**PROMPT:** Using the data that follows, output only the lines from the line with "Roll the dough" up to and including the line with "2 of 2 Brushed", exactly, leaving pictures aside.
---- DATASET CONTENT
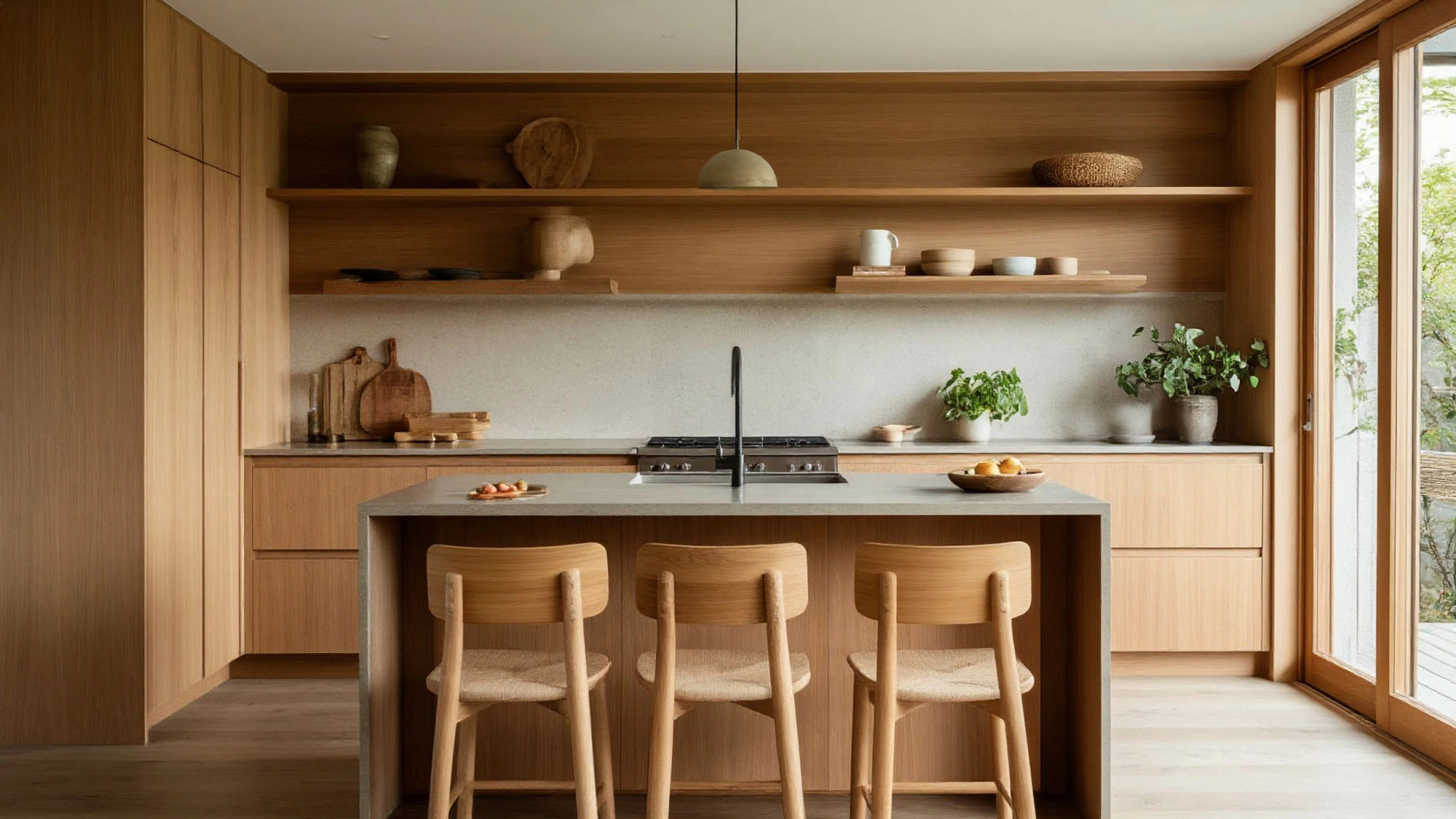Кухня без навесных шкафов в стиле джапанди превращает процесс приготовления пищи в удовольствие, объединяя простоту и эстетику. Открытые пространства можно использовать для размещения растений, красивой посуды или аксессуаров, создавая живую, динамичную атмосферу. Натуральные материалы, спокойные цвета и минимализм формируют гармонию, в которой каждый элемент находится на своём месте, а интерьер остаётся чистым и структурированным.
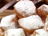 Roll the dough out to about 1/4-inch thickness and cut into 1-inch squares. Deep-fry, flipping constantly, until they become a golden color. After beignets are fried, drain them for a few seconds on paper towels, and then toss them into the bag of confectioners' sugar. Hold bag closed and shake to coat evenly.
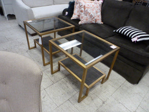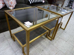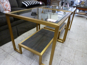 2 of 2 Brushed brass and Glass Side / End table by CARVER - 24 x 24 x 22" H "Like new"
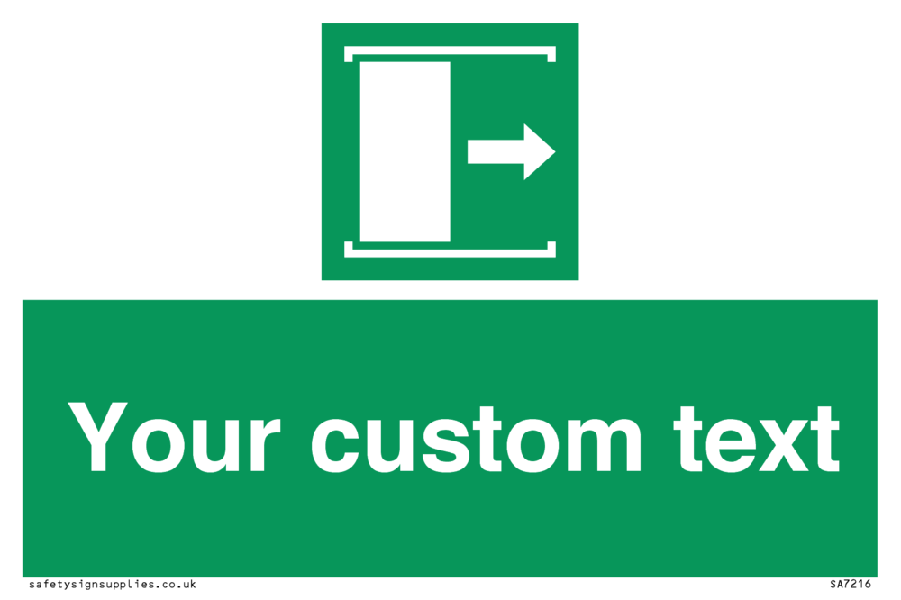 Suitable for mounting on a flat surface. Suitable for mounting on a door. Suitable for mounting on cladding. This product is design to be mounted on the ceiling. Custom signs contain the text required by the customer. With your your text and a standard safety sign symbol - a bespoke sign can fit any requirement.
--------
**RESPONSE TO THIS TASK:**
 Roll the dough out to about 1/4-inch thickness and cut into 1-inch squares. Deep-fry, flipping constantly, until they become a golden color. After beignets are fried, drain them for a few seconds on paper towels, and then toss them into the bag of confectioners' sugar. Hold bag closed and shake to coat evenly.
 2 of 2 Brushed brass and Glass Side / End table by CARVER - 24 x 24 x 22" H "Like new"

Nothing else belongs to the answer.